When the resulting image must have fixed dimensions (for example, for a CNN input), a simple resizing operation can be applied:

In [None]:
output_size = (256, 256) # required output dimensions, px

img = cv2.resize(img, dsize=output_size)

The size of a single pixel (pixel spacing) can vary from one patient to another. When the data amount is small, it can be beneficial to keep the pixel spacing fixed on the output image, say 1.5mm x 1.5mm. In this case, the resizing operation gets a bit more complicated: we must first scale the pixel dimensions, then place the initial image onto the background of desired size.

In [None]:
pixel_spacing = (1.5, 1.5) # required output spacing, mm
height_new, width_new = (256, 256) # required output size, px

img = cv2.resize(img, dsize=None, fx = dcm.PixelSpacing[1]/pixel_spacing[1], fy=dcm.PixelSpacing[0]/pixel_spacing[0]) # scale pixels
        
height, width = img.shape # actual dimensions

img = img[max((height-height_new)//2,0):(height+height_new)//2,
        max((width-width_new)//2,0):(width+width_new)//2] # use the central part of the image if actual dimensions are larger than required dimensions
        
height, width = img.shape # recompute dimensions after cropping the central part

# position of the old image inside the new image
x0 = width_new//2 - width//2 
y0 = height_new//2 - height//2
                
img_new = np.ones((height_new, width_new))*img.min() # position of the old image inside the new image
        
img_new[y0:y0 + height, x0:x0 + width] = img # place the old image in the center of the new image

![Fixed dimensions vs Fixed spacing approach](img/resizing.png)

# Conversion to PNG

DICOM images are often furnished without any compression. In addition, they usually contain HU units on the full scale, before windowing. As a result, storing a DICOM image needs a lot of space while loading a DICOM image requires a lot of time. To train neural networks faster and save storage space, DICOM images can be converted to PNG files.

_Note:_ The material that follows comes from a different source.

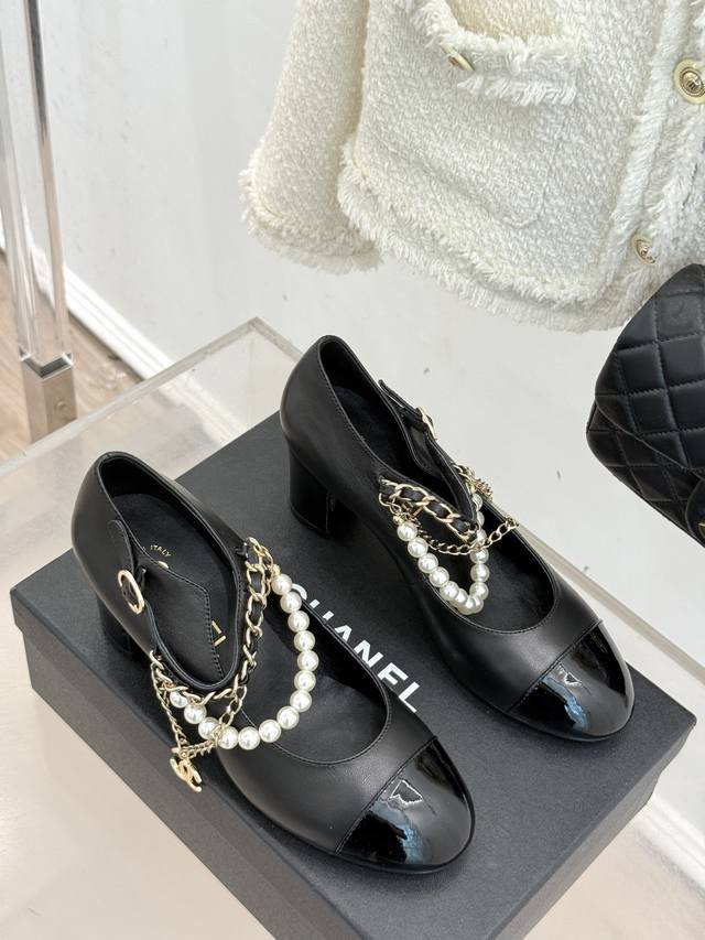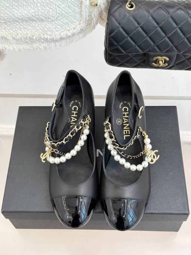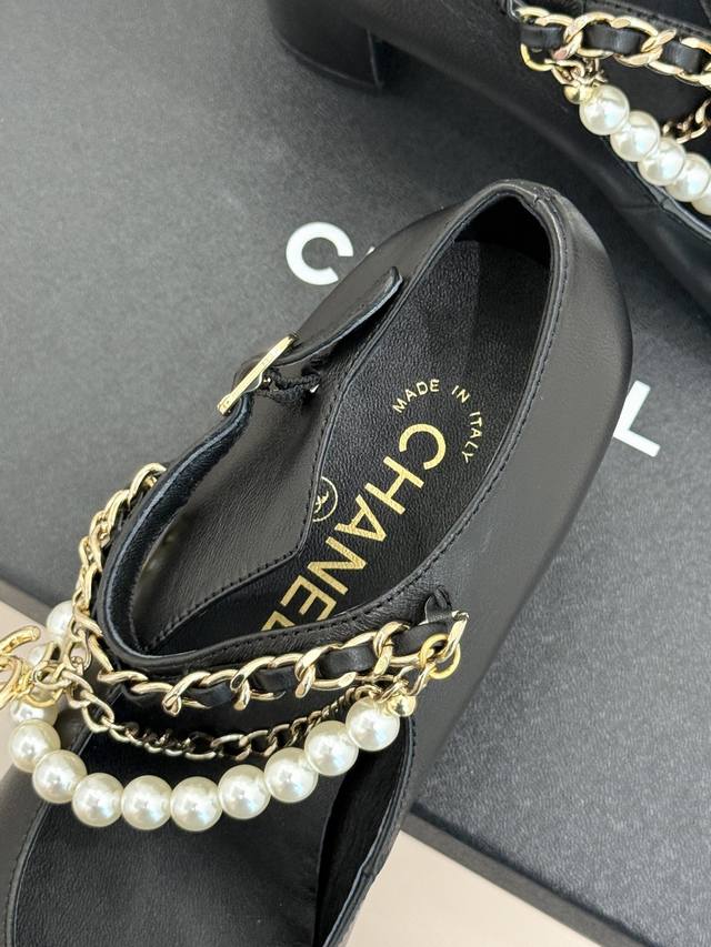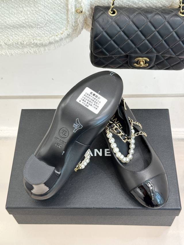 厂价p平底 高跟 DDD Chane*|小香25B珍珠链条双C玛丽珍鞋 DDD 这双玛丽珍鞋 无疑是优雅与精致的完美结晶, DDD 每一处细节都散发着独属于香奈儿的高级魅力。 DDD 鞋面上 标志性的双C Logo以立体金属质感呈现 DDD 彰显着品牌的深厚底蕴与奢华品质 。 DDD 双C金属扣旁珍珠链条蜿蜒而下 DDD 颗颗圆润饱满的珍珠紧密排列 DDD 与闪耀的金属链条交织 复古与现代元素融合 DDD 为鞋子增添了一抹灵动的奢华感 DDD 每一步都伴随着链条的轻微晃动 DDD 奏响专属的时尚乐章。 D

To ensure optimal compression, we choose the minimal png depth that is sufficient to encode N=WindowWidth distinct HU values. We then map the pixel values from [0,1] back to the [0,WindowWidth] scale and save as a PNG image:

In [None]:
import png

WindowCenter, WindowWidth = 50,400

bitdepth = np.ceil(np.log2(WindowWidth)).astype(int)

with open('img.png', 'wb') as f:
    png_writer = png.Writer(img.shape[1], img.shape[0], bitdepth=bitdepth)  
    png_writer.write(f, (img*WindowWidth).astype(int))

This operation reduced the initial image file from 242Kb to just 41Kb, which is around 6x.

For convinience, I created a [dicomprocessing module](dicomprocessing/) that performs all the described operations.